Thursday, October 08, 2009

Budget Cuts and the D.C. Schools


A newly hired D.C. teacher describes an unfortunate turn of events in a letter to the Washington Post:
Then, on Friday afternoon, I was laid off. In a last-minute attempt to balance the budget, Rhee and the city opted to cut more than 200 teachers during the most critical period of the academic year - just when students were getting acclimated to their new environments.

My immediate concern was about what would happen to my students, because I was the only third-grade teacher at my school. My principal informed me that my students would be mixed in with the fourth- and second-graders. Yes, these are tough economic times, but does that justify providing a poor educational experience for these children? Simply reassigning them in this way will greatly degrade the educational experience for my third-graders, not to mention those in the classes into which they must be integrated.
There are two obvious problems to this approach to a funding shortage:
  • If your goal is to attract motivated, highly qualified graduates to teach in the D.C. schools, laying them off a month into the school year and putting them out of work (or turning them into desperate substitute teachers) for the balance of the year is counter-productive, not just in terms of the new recruits but in terms of whether future graduates fear the same will happen to them.

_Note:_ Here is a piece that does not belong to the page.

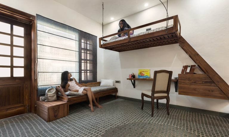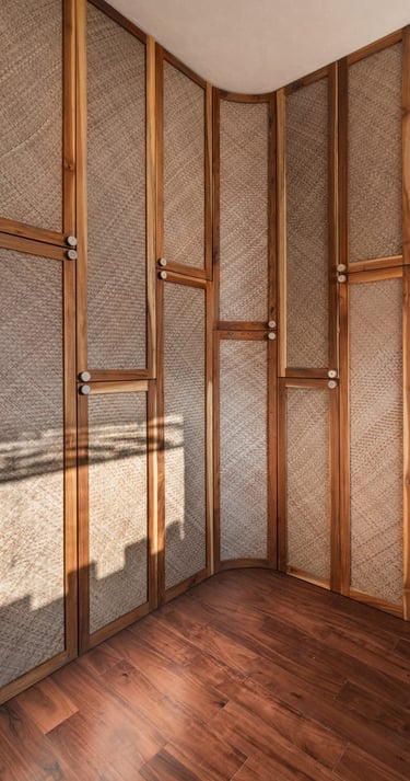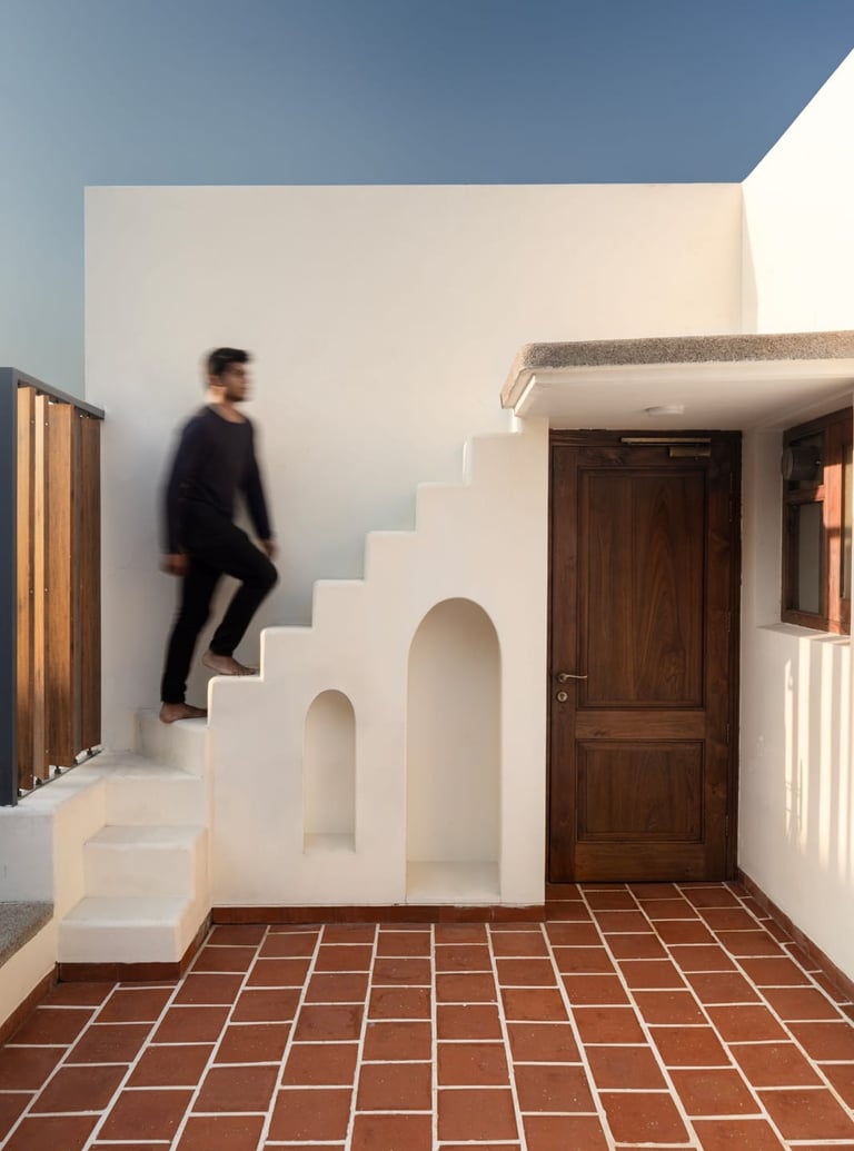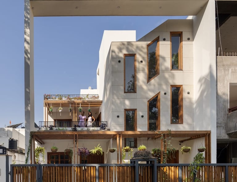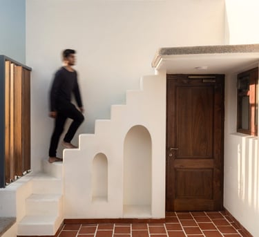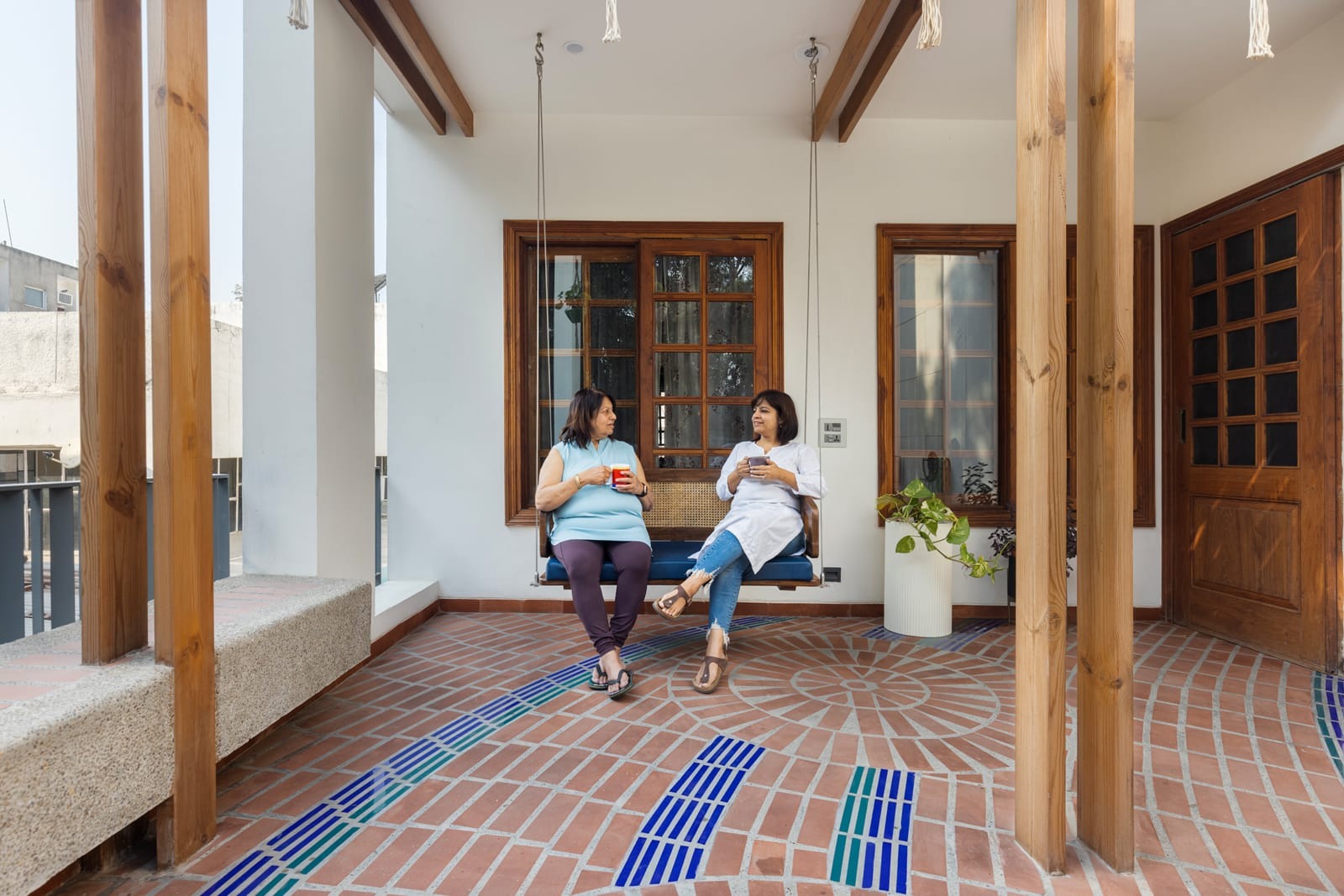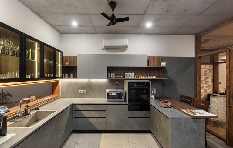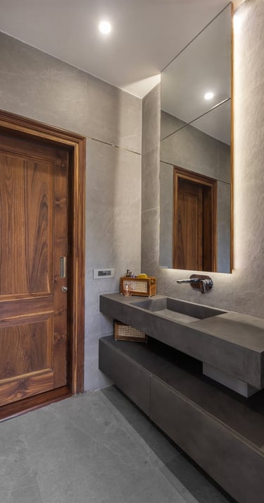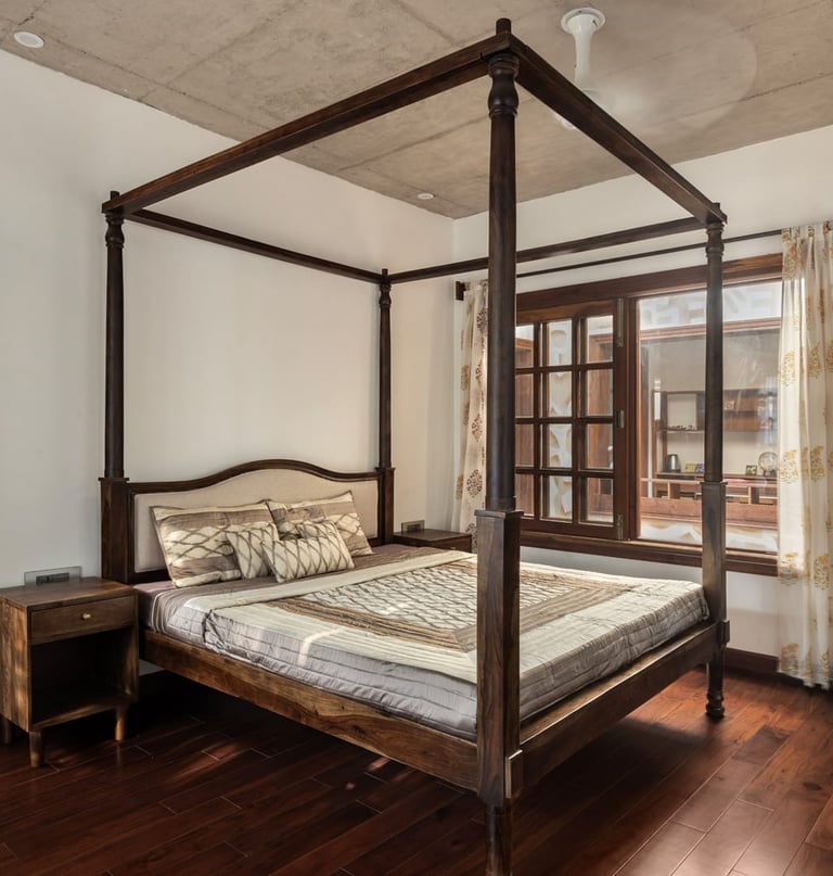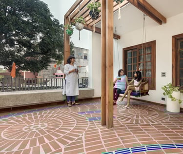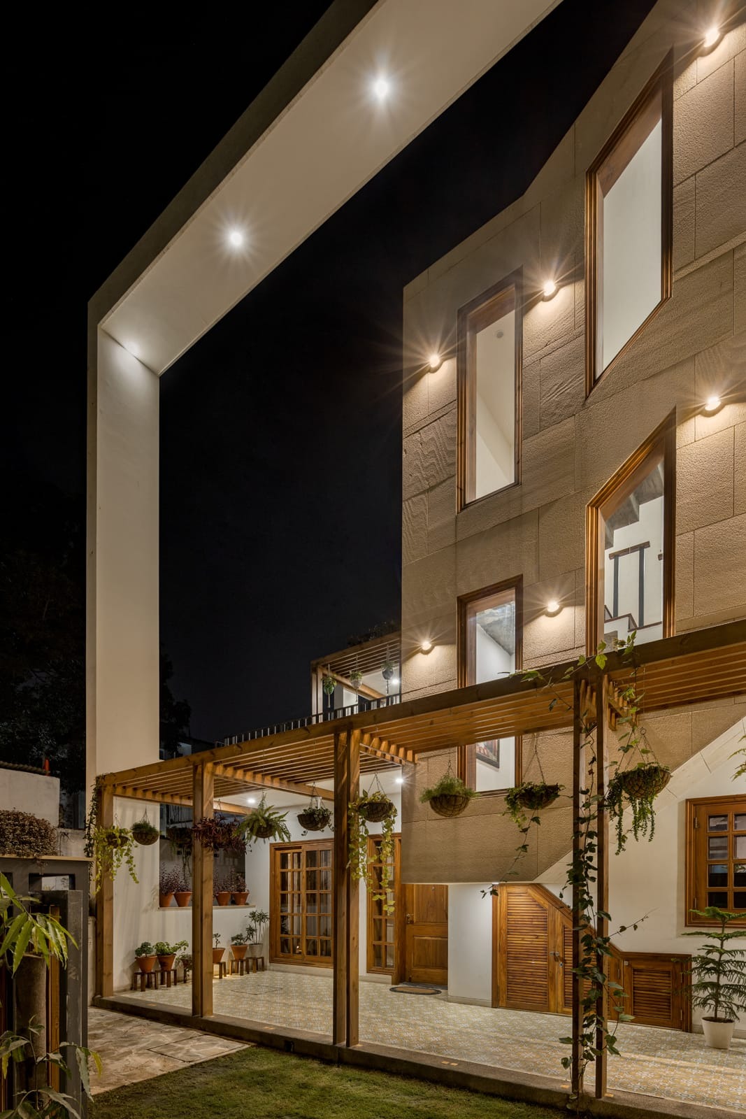 Designed as a serene retreat for septuagenarians, the home embraces earthy materials like wood, stone, jute and rattan, offering warmth and timeless elegance.

  • If Rhee can't afford the teachers she has, why should they or their union believe that if they give up tenure and job protections they'll be rewarded with lavish raises? If current staff levels aren't sustainable, how can her proposed compensation scheme possibly be sustainable?

I don't hold Michelle Rhee responsible for staffing cuts made necessary by budgetary constraints, but I do think she now owes us an explanation of how her proposed replacement compensation scheme is even slightly viable. If she has donors lined up willing to subsidize such a scheme, why aren't they helping her right now? If they've decided that they have other priorities for their money, or are only interested in funding a scheme that busts the union, it again speaks to the unsustainability of her plan.

Also, I think this highlights what I mentioned the other day, - lip service, including the strong lip service of Fred Hiatt's editorial page, pays for zero teachers. Where's the Post's call for a school funding increase that will allow schools to sustain their present staffiing levels, let alone to improve them and where does it propose that money will come from?